Research Description

In China, a distinctive commercial trend has emerged in which young male celebrities and influencers are increasingly used to promote cosmetics, skincare, and even lingerie to female consumers. This growing reliance on male beauty influencers—often styled with soft, romanticised masculinity—has given rise to a new form of consumer engagement shaped by what is commonly referred to as the “female gaze.” In contrast to traditional marketing practices that objectify female bodies, this phenomenon reflects a shift in visual and affective attention toward the male body in commercial culture. The rise of male-led beauty livestreaming in China signals a significant transformation in how female desire and consumer participation are represented and enacted within digital marketplaces.
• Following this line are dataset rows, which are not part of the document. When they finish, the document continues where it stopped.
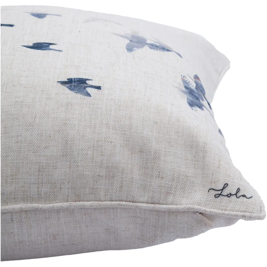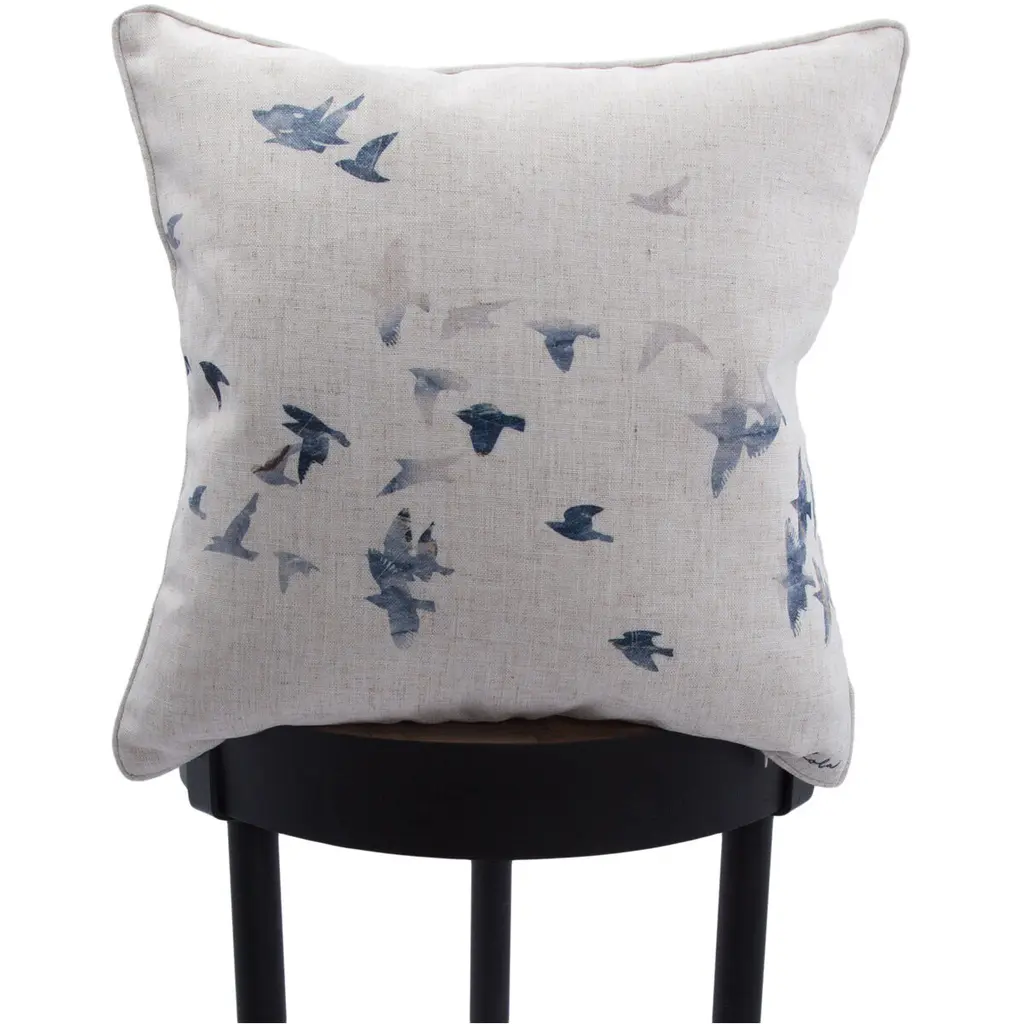 Compose a chic pillowscape on couches and beds with the traditional style of this decorative pillow. Printed in graphic detail on a square pillowcase, blue silhouettes of a flying flock of birds cross the off-white background in a charming design that turns an ordinary cushion into a captivating work of art. A sumptuous combination of duck feathers and down fill the standard pillow sham with enduring softness, offering comfortable cushioning for every seating or sleeping arrangement.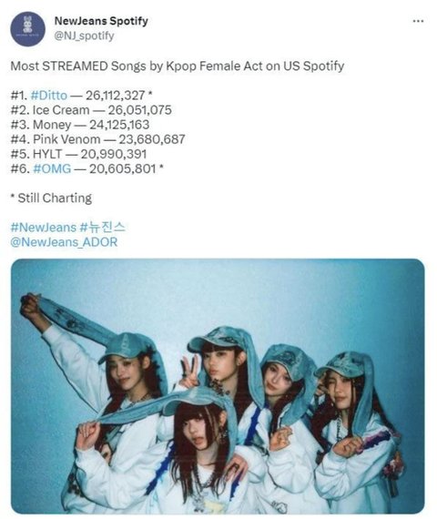 케이팝 여자그룹/솔로곡들 중에 미국 스포티파이 누적수치 1위됨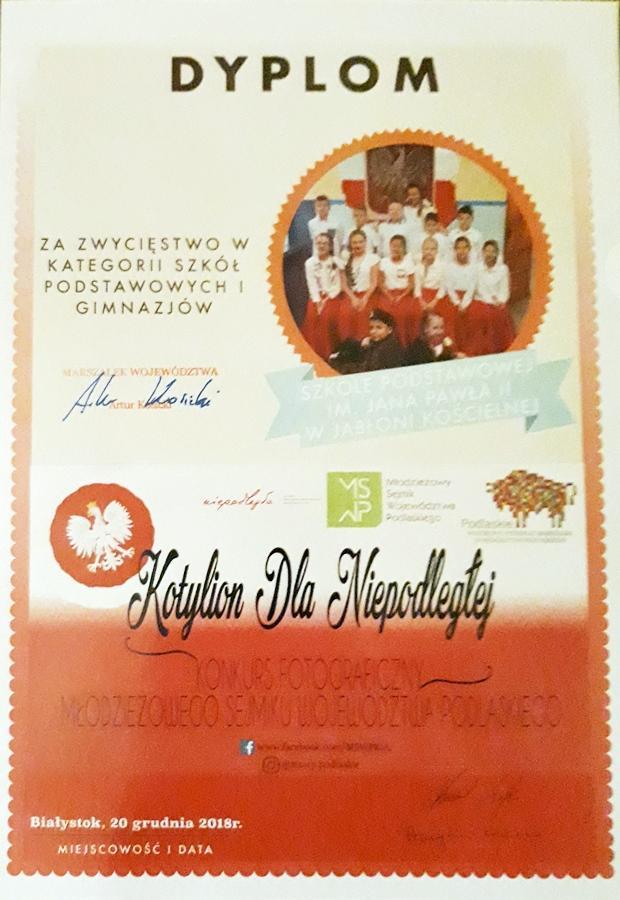 Uczniowie ze Szkoły Podstawowej im. Jana Pawła II w Jabłoni Kościelnej zajęli pierwsze miejsce w konkursie Kotylion dla Niepodległej organizowanym przez Młodzieżowy Sejmik Województwa Podlaskiego.
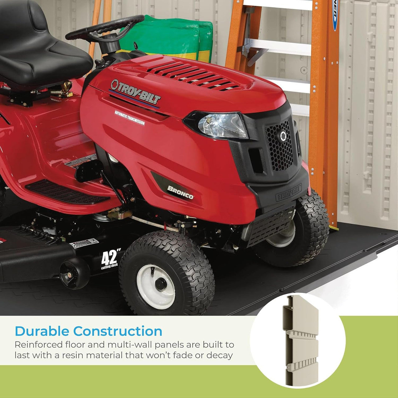 Constructed from durable multi-walled polypropylene resin panels, it ensures long-lasting strength and stability, standing up to harsh weather conditions and daily use. The reinforced heavy-duty floor is designed to support heavy equipment such as lawnmowers, tractors, and large tools, offering exceptional durability. With dimensions of 100.5 inches deep, 85.75 inches wide, and 103 inches high, this shed maximizes outdoor storage space while maintaining a sleek and functional design.With 378 cu. ft. of storage capacity, the Tremont® 8 ft. x 7 ft. Storage Shed by Suncast® has ample space for storing all of your lawn and outdoor equipment.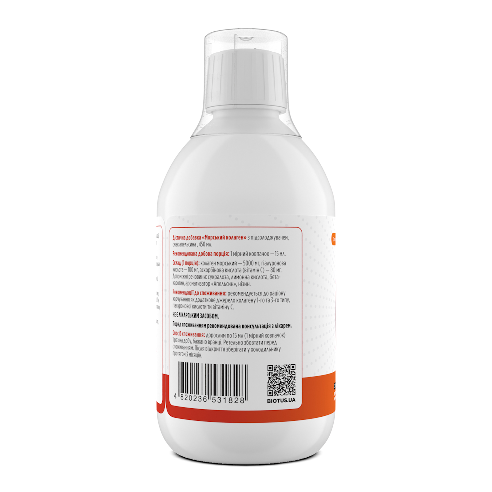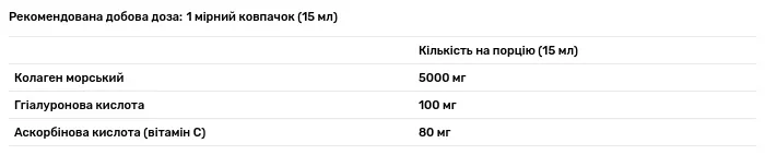 Склад порції: колаген морський – 5000 мг (mg), гіалуронова кислота – 100 мг (mg), аскорбінова кислота (вітамін С) – 80 мг (mg). Допоміжні речовини: сукралоза, лимонна кислота, бета-каротин, ароматизатор апельсин, нізин.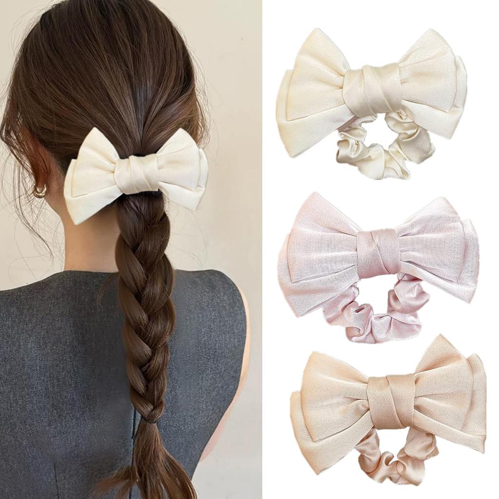 [2025 Unique Design]: This eye-catching, large bow hair scrunchie is perfect for creating a sophisticated and unique look. This hair tie set can be paired with a variety of outfits, regardless of the season, or simply paired with a ponytail to add a touch of glamour to your outfit.

Despite this shift, limited research has explored how the female gaze functions in non-Western digital contexts, particularly within the rapidly evolving ecosystem of Chinese livestreaming e-commerce. This research addresses this gap by examining how the female gaze is constructed, performed, and monetised in livestreaming environments. It draws on digital ethnographic methods—including walkthrough observations, screencast videography, social media analysis, and semi-structured interviews—and is structured around three peer-reviewed academic articles.
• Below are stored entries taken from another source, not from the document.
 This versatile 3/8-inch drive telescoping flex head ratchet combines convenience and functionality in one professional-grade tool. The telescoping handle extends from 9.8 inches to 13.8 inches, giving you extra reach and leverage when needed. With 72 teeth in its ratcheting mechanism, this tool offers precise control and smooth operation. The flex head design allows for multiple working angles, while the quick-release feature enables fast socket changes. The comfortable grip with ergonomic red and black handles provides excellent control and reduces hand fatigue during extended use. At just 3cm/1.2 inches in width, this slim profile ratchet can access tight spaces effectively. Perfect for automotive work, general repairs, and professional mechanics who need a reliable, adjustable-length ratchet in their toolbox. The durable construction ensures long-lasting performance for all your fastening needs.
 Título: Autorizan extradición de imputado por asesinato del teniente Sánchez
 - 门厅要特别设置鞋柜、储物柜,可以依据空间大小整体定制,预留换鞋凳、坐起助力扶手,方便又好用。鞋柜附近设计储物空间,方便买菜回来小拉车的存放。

The first paper theorises the female gaze as an emerging commercial logic that reconfigures gender representation through soft masculinity and the Nan Se (男色) economy. The second paper investigates the backstage dynamics of livestreaming, focusing on female assistants who support male influencers. It conceptualises these relations among women as gendered human infrastructure whose contributions remain under-recognised, challenging simplified narratives of female empowerment. The third paper examines how female consumers engage with and co-create value in livestreaming communities, highlighting how status, loyalty, and emotional labour shape their participation. Together, these studies provide a nuanced account of how commercial gender performances are negotiated and consumed by women in digital China, offering new insights into evolving gender dynamics in global consumer culture.

Key words: The female gaze, gendered power dynamics, influencer culture, collaborative live-streaming e-commerce, non-Western consumer culture.